W 2025 roku Roman Giertych wielokrotnie publicznie atakował Sąd Najwyższy, Państwową Komisję Wyborczą i członków komisji obwodowych. W jego wypowiedziach pojawiały się oskarżenia o "kradzież protestów" przez „neosędziów”, zarzuty nielegalnego przejęcia komisji przez „braci kamratów” oraz twierdzenia, że PKW „nie wie, kto wygrał wybory”. W opinii wielu prawników mogą one naruszać §10 i §11 Kodeksu Etyki Adwokackiej, który wymaga od adwokata zachowania godności zawodu oraz zakazuje świadomego podawania nieprawdziwych informacji.

Tymczasem Okręgowa Rada Adwokacka nie podejmuje żadnych decyzji w sprawie Giertycha. – „ORA nie ma kompetencji do wszczynania postępowań dyscyplinarnych. Zajmuje się tym wyłącznie Rzecznik Dyscyplinarny” – podkreśliła rzeczniczka.

Pytana o sposób, w jaki Rzecznik interpretuje obecne zachowanie Giertycha w kontekście norm etycznych, rzecznik ORA nie udzieliła odpowiedzi.

Choć środowisko prawnicze wielokrotnie apelowało o przywrócenie standardów w debacie publicznej i o większą odpowiedzialność zawodową adwokatów angażujących się w politykę, przypadek Romana Giertycha pokazuje, jak trudno pociągnąć do odpowiedzialności prawnika z immunitetem publicznego wpływu. Przypomnijmy, że w Kodeksie Etyki Adwokackiej znajdują się także zapisy zobowiązujące adwokatów do "zachowania należytego szacunku wobec sądów i organów państwowych" (§25, §28 i §43 KEA) oraz do umiaru i oględności w wypowiedziach publicznych (§17 KEA).

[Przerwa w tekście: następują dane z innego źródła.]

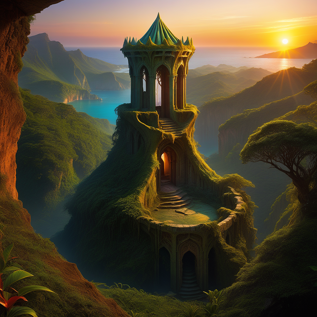 The high ancient tower built by the elves. Painted walls. National Geographic poster photo. Colorful. Futuristic.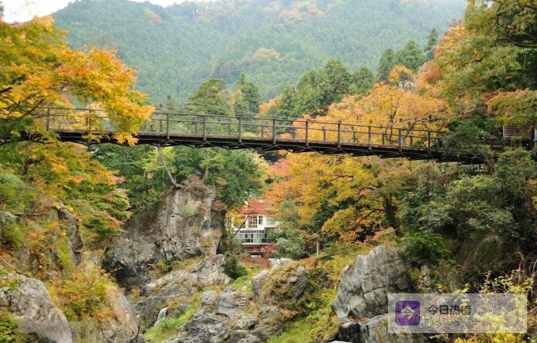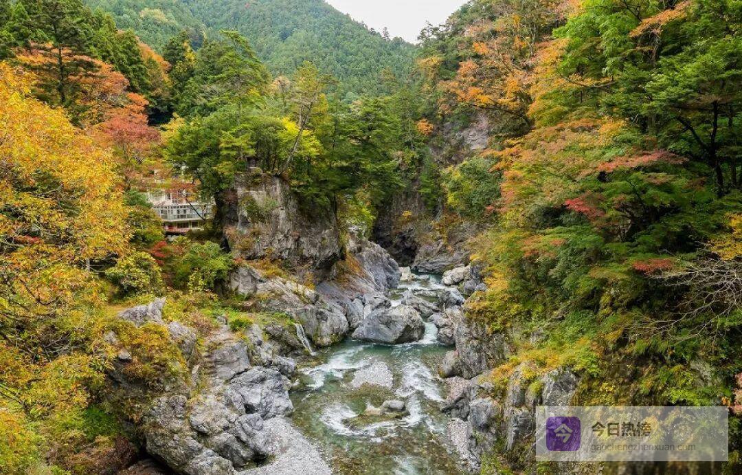 奥多摩町的 鸠之巢溪谷以巨岩闻名,赤红枫叶攀满岩壁,视觉冲击力MAX。沿栈道前行可见“岩鸠”“岩狐”等天然石像,全程免费开放;若想拍巨岩剪影,建议下午4点后到达,光线更侧逆。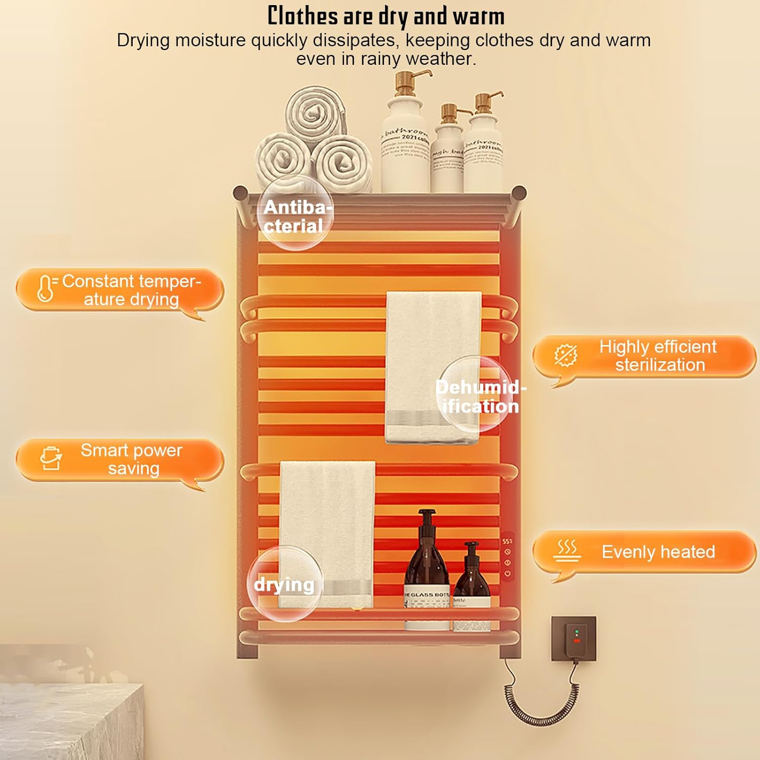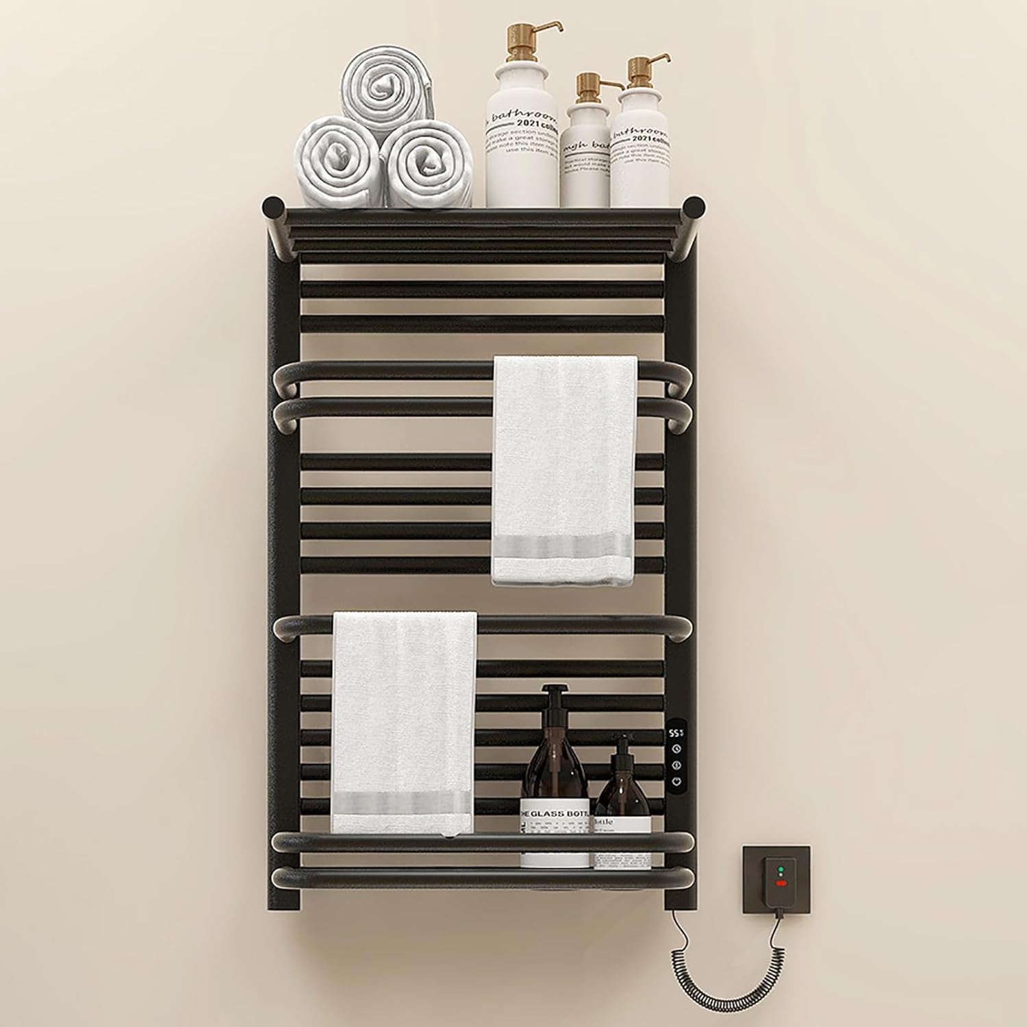 This towel rack is made of selected aluminum alloy tubes, which are smooth and waterproof, making it highly rust-resistant and easy to clean. 12 horizontal bars plus an upper and lower storage tray provide ample space for your towels and socks. This heated towel rail has a space-saving wall-mounted design that's perfect for any room.Product Name: towel warmer rack/electric towel warmerBody material: SPCC low carbon steelTemperature control range: 30-70℃Timing mode: 1-9HWaterproof level: IPX5Product size: 500*800*265MMProduct weight: 8.5KGPower cord length: 1.5M spring cordPackage Contentsheated towel warmer x1Notice1. Due to manual measurement, there may be an error of 1-3cm.2. Due to differences between monitors, the picture may not reflect the actual color of the item.3. If you have any questions, please contact us via email.

Tymczasem w przypadku Romana Giertycha samorząd adwokacki w Warszawie ograniczył się jedynie do stwierdzenia, że "nie prowadzi postępowania", a ewentualne działania mogą zostać podjęte wyłącznie na skutek formalnego zawiadomienia.

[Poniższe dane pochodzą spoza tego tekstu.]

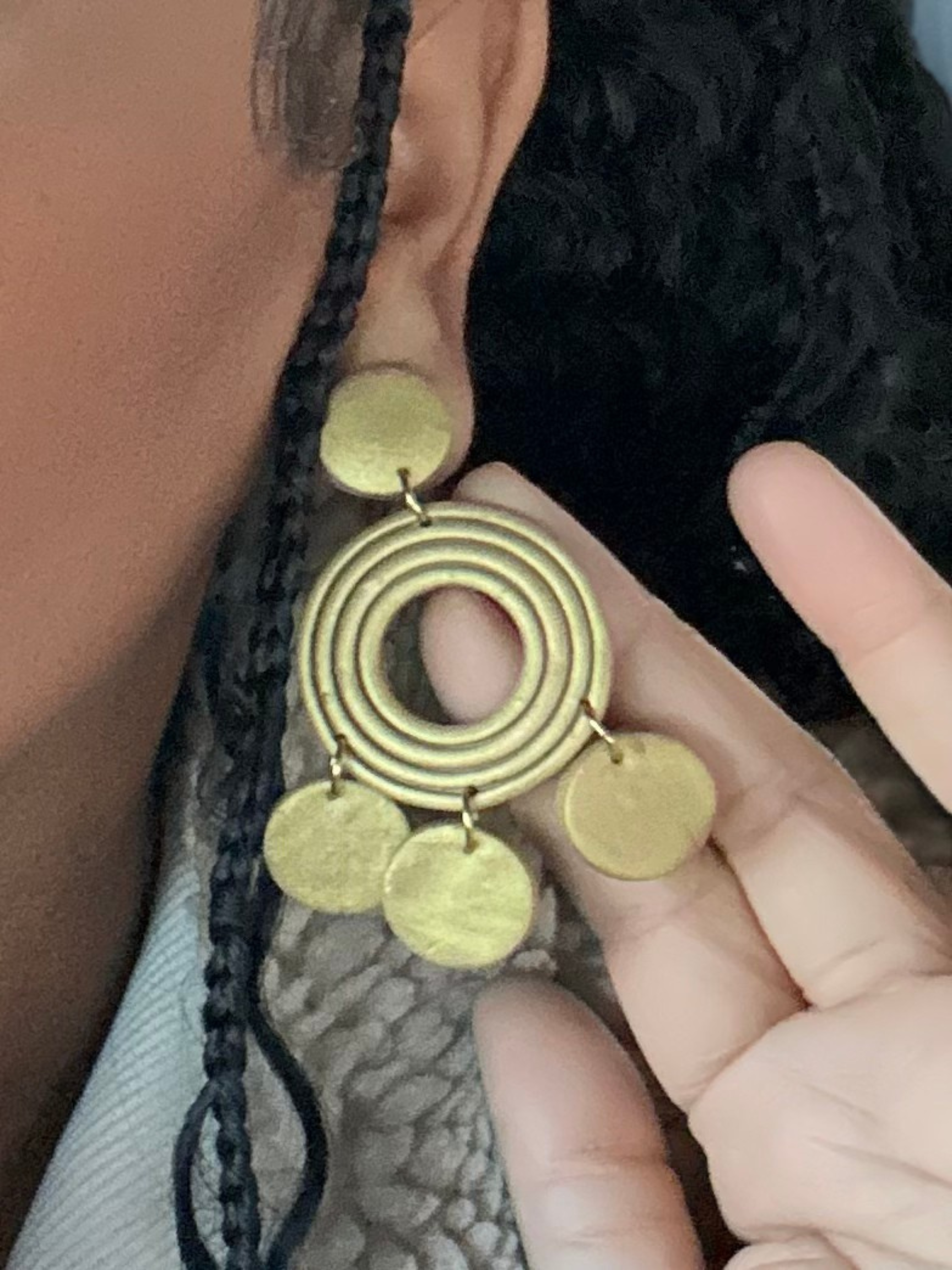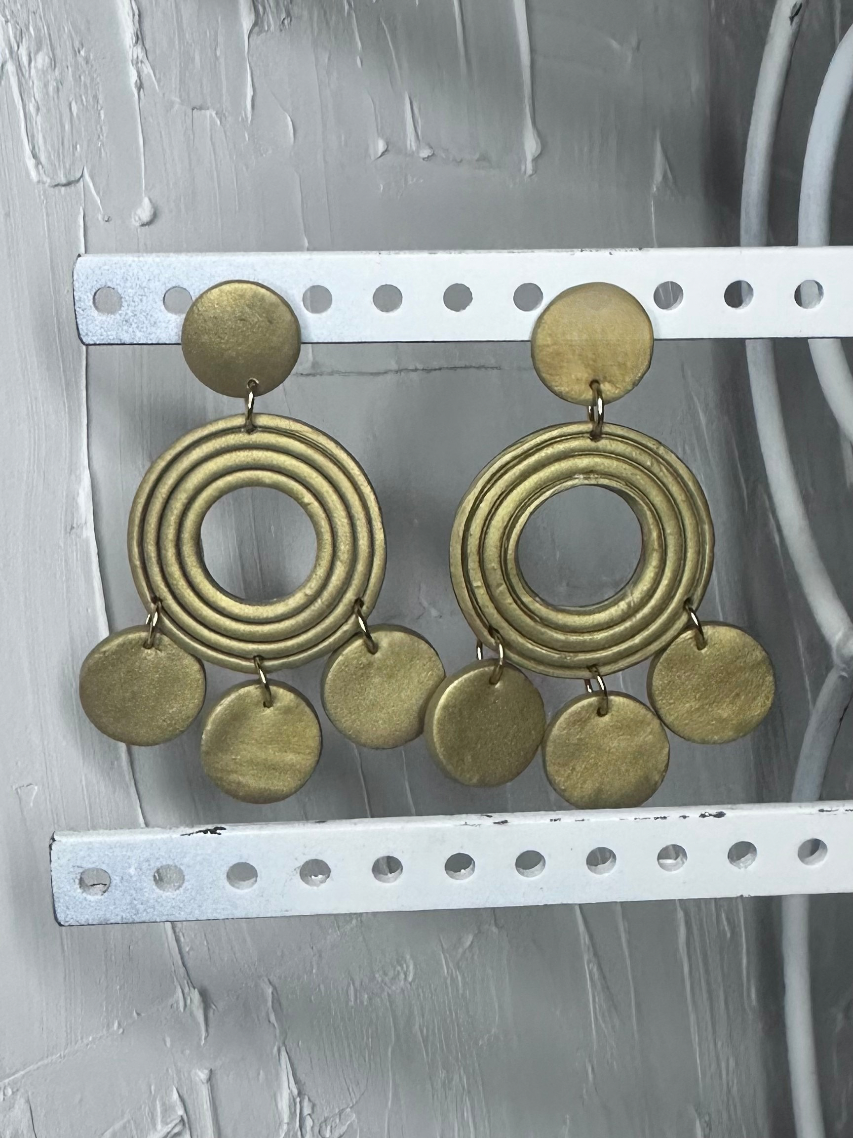 Lightweight gold statement earrings with a tiered, cascading design that adds movement and effortless style to any look.

Czy to oznacza, że adwokat może bez konsekwencji kwestionować ustalenia konstytucyjnych organów państwa i podważać wynik demokratycznych wyborów, dopóki nikt nie złoży zawiadomienia? To pytanie, które coraz częściej pada w opinii publicznej i domaga się jasnej odpowiedzi ze strony środowiska adwokackiego.